ConvNet

A convolutional neural network for image recognition using AlexNet architecture implemented with TensorFlow 2.x and Keras API.

Overview

This project implements an AlexNet-based CNN for multi-class image classification. The model is designed to classify images into 4 categories: Cat, Tree, Horse, and Dog.
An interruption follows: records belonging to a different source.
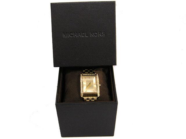 This is a Michael Kors Women's MK3128 Gold 5-Link Rectangle Glitz Watch with the following features: gold band; analog; quartz movement; gold-tone stainless steel; 3 hand rectangle dial with glitz; 5 link bracelet; Water-resistant to 165 feet (50 M); and 26 mm Case diameter.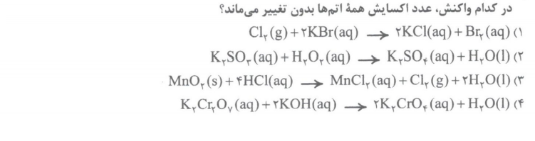 نکته: اگر در واکنشی عنصر به حالت آزاد در واکنش دهنده ها یا فرآورده ها وجود داشته باشد، حتما از نوع اکسایش – کاهش است و چون عدد اکسایش عنصر به حالت آزاد صفر است و هنگامی که در ترکیب است تغییر کرده و صفر نیست.
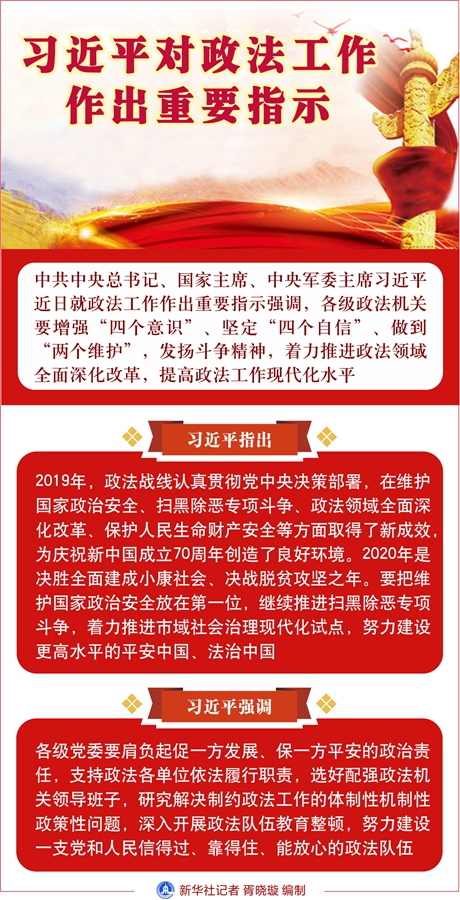 習(xí)近平指出,2019年,政法戰(zhàn)線認(rèn)真貫徹黨中央決策部署,在維護(hù)國(guó)家政治安全、掃黑除惡專項(xiàng)斗爭(zhēng)、政法領(lǐng)域全面深化改革、保護(hù)人民生命財(cái)產(chǎn)安全等方面取得了新成效,為慶祝新中國(guó)成立70周年創(chuàng)造了良好環(huán)境。2020年是決勝全面建成小康社會(huì)、決戰(zhàn)脫貧攻堅(jiān)之年。要把維護(hù)國(guó)家政治安全放在第一位,繼續(xù)推進(jìn)掃黑除惡專項(xiàng)斗爭(zhēng),著力推進(jìn)市域社會(huì)治理現(xiàn)代化試點(diǎn),努力建設(shè)更高水平的平安中國(guó)、法治中國(guó)。
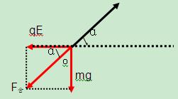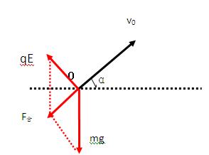 3、计算题 (14分)如图所示,一个质量为m,带电荷量为+q的粒子在O点以v0的初速度跟水平方向成α角向上射出,如果在某方向上加上一定大小的匀强电场后,可使粒子沿初速度所在直线方向做直线运动。已知重力加速度为g.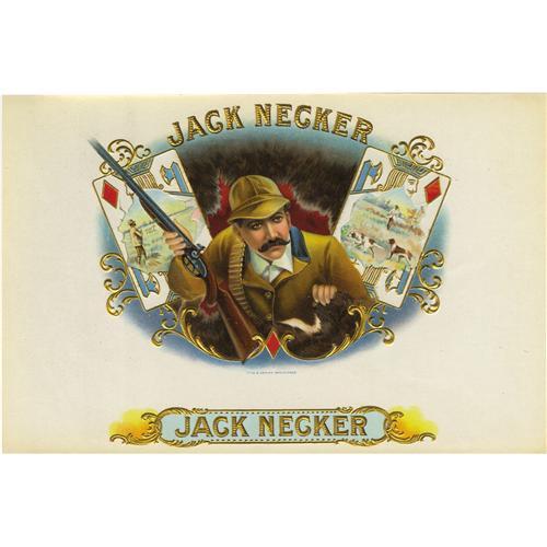 <B><I>Jack Necker</B></I></B></I><B> Bird Hunting Cigar Label.</B></I> Full color lithographed 9.75" x 6.5" inner label with gold-embossed brand name and highlights. Probably named after period slang, Jack Necker cigars are here personified by a hunter armed with a double-barreled shotgun. He is flanked by two Jack of Diamonds playing cards upon which are scenes of birding with dogs in open fields. Excellent condition. This label is listed as one of the "InStone 100" blue chip cigar labels.<BR><BR><b>Shipping:</b> Small Flat (<a target="_blank" href="http://www.heritageauctions.com/common/shipping.php">view shipping information</a>)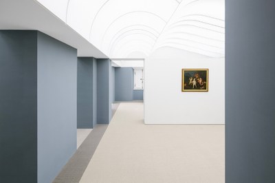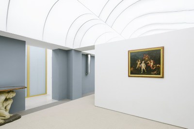 Proprio le volte, spogliate di qualsiasi ambizione decorativa o monumentale e sovrapposte alle superfici monocromatiche dei muri perimetrali, moltiplicate dagli specchi a parete, sono lo sfondo perfetto per le opere esposte, luminoso e quasi astratto come un ambiente ideale.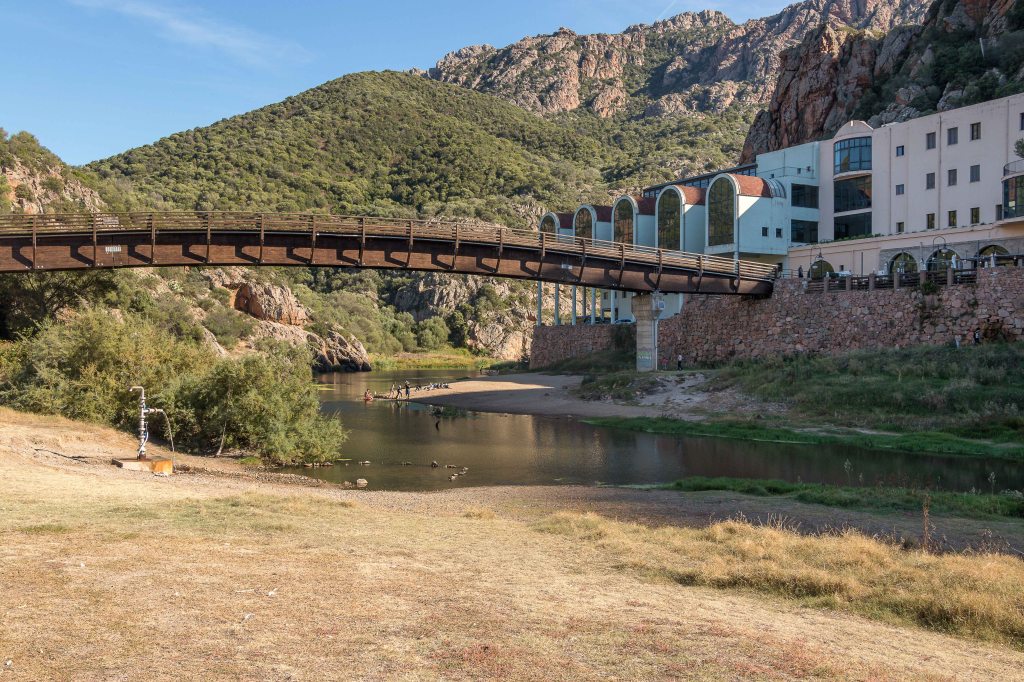 Dann freuen wir uns auf ein Bad im warmen Wasser. Doch die TERME DI CASTELDORIA bietet nur trübes Wasser in Knietiefe. Da verzichten wir lieber und genießen den herrlichen Tag im Schatten eines Olivenbusches. Einige Sarden lassen sich dennoch von einem Bad nicht abhalten und beschmieren sich zudem noch mit dem angeblich heilsamen Schlamm des Flusses.

It uses TensorFlow 2.x with the Keras API for a modern, efficient implementation.

Documentation

For detailed documentation, advanced topics, and in-depth guides, please visit the Wiki:

AlexNet Architecture Theory - Deep dive into the model architecture and theory
Advanced Training Configuration - Detailed guide on all training parameters
Data Preparation Guide - Complete guide to preparing your dataset
Hyperparameter Tuning - Strategies for optimizing model performance
Model Performance and Metrics - Understanding evaluation metrics
Advanced Troubleshooting - Solutions to common and advanced issues
TensorFlow 2.x Migration Notes - Migration details from TensorFlow 1.x

The README below covers the basics to get you started quickly. For comprehensive information, theory, and advanced usage, refer to the Wiki.

Model Architecture

The AlexNet model consists of:

5 Convolutional blocks with ReLU activation, max pooling, batch normalization, and dropout
2 Fully connected layers (4096 and 1024 neurons)
Output layer with 4 classes
Regularization: Dropout (0.8 for input, 0.5 for hidden layers) and Batch Normalization
Input size: 224x224x3 RGB images
Optimizer: Adam (default learning rate: 0.001, epsilon: 0.1)
Loss function: Categorical cross-entropy

Requirements

Python 3.x (Note: Originally designed for Python 2.7, but updated for Python 3.x compatibility)
TensorFlow 2.x
NumPy
Matplotlib
scikit-learn

Installation

pip install tensorflow numpy matplotlib scikit-learn

Dataset Structure

Organize your dataset in the following directory structure:

ConvNet/
├── dataset/              # Training images
│   ├── Cat/
│   │   ├── image1.jpg
│   │   ├── image2.jpg
│   │   └── ...
│   ├── Tree/
│   ├── Horse/
│   └── Dog/
└── test_dataset/         # Test images
    ├── Cat/
    ├── Tree/
    ├── Horse/
    └── Dog/

Image Requirements:

Format: JPEG (.jpg or .jpeg)
Recommended size: 224x224 pixels (images will be automatically resized)
Color: RGB (3 channels)

Usage

1. Preprocessing Training Data

Convert your training images to a compressed pickle format:

python my_alexnet_cnn.py preprocessing_training -f images_dataset.pkl

Shuffle the training dataset (recommended for better training):

python my_alexnet_cnn.py preprocessing_training -f images_dataset.pkl --shuffle

This creates an images_shuffled.pkl file with randomly shuffled training data.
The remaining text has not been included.